Problem with zeroing gradients

ciw · October 19, 2019, 12:21pm

Hi, I have a problem which is bothering me for a week, any suggestion would be appreciated.

The problem is, when I tried to zeroing out part of the gradients, the corresponding weights are not frozen as expected, these weights are moving in a very small order similar to a truncation error.

In my application, I need to zero out part of the gradients under specific conditions. Here’s an example code to reproduce the error.

The code is modified from the following pytorch example.

github.com

pytorch/examples/blob/master/imagenet/main.py

import argparse
import os
import random
import shutil
import time
import warnings

import torch
import torch.nn as nn
import torch.nn.parallel
import torch.backends.cudnn as cudnn
import torch.distributed as dist
import torch.optim
import torch.multiprocessing as mp
import torch.utils.data
import torch.utils.data.distributed
import torchvision.transforms as transforms
import torchvision.datasets as datasets
import torchvision.models as models

This file has been truncated. show original

The 3 ways I use to zero out gradients, the error is still there.

model.conv1.weight.grad *= 0
model.conv1.weight.grad.fill_(0)
model.conv1.weight.grad.data.zero_()

The error is small so it does not affect the performance much, but I’d like to understand how does this happen. Thanks a lot.

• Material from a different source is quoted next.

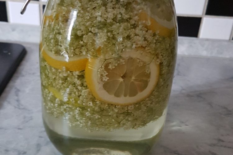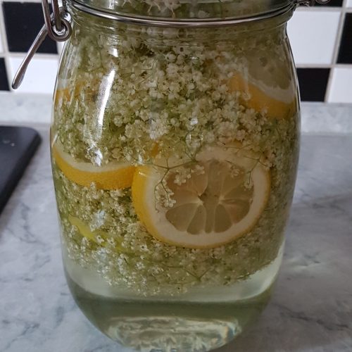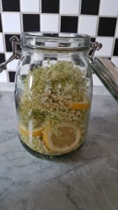 • Den abgekühlten Sirup über die Blüten und Zitronenscheiben gießen und das Gefäß verschließen
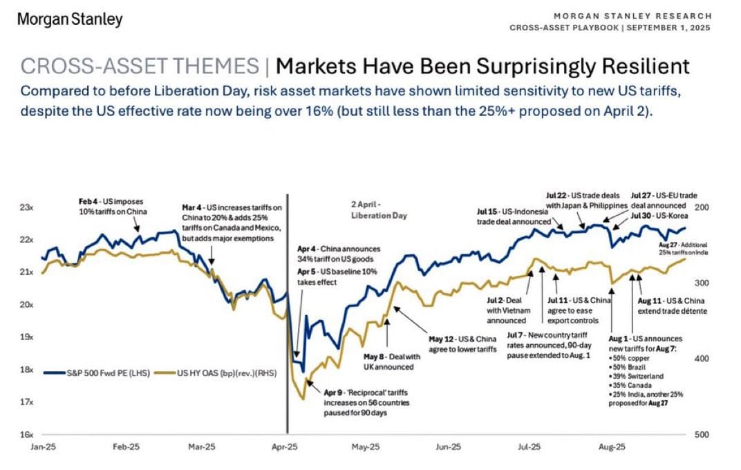Die Grafik von Morgan Stanley zeigt eindrucksvoll, wie robust sich die Märkte trotz der Handelsstreitigkeiten und der ganzen Welle an neuen Zöllen gehalten haben.

tom · October 19, 2019, 8:23pm

If you use momentum or weight decay (from the optimizer), you will get changing parameters even when the grad has the numerical value 0.
Optimizers do special case None gradients to mean “do nothing”, but that isn’t available for parts of a parameter, but in your example model.conv1.weight.grad = None would do the trick.

Best regards

Thomas

ciw · October 21, 2019, 8:44am

Thanks Thomas.

Now I understand what is happening.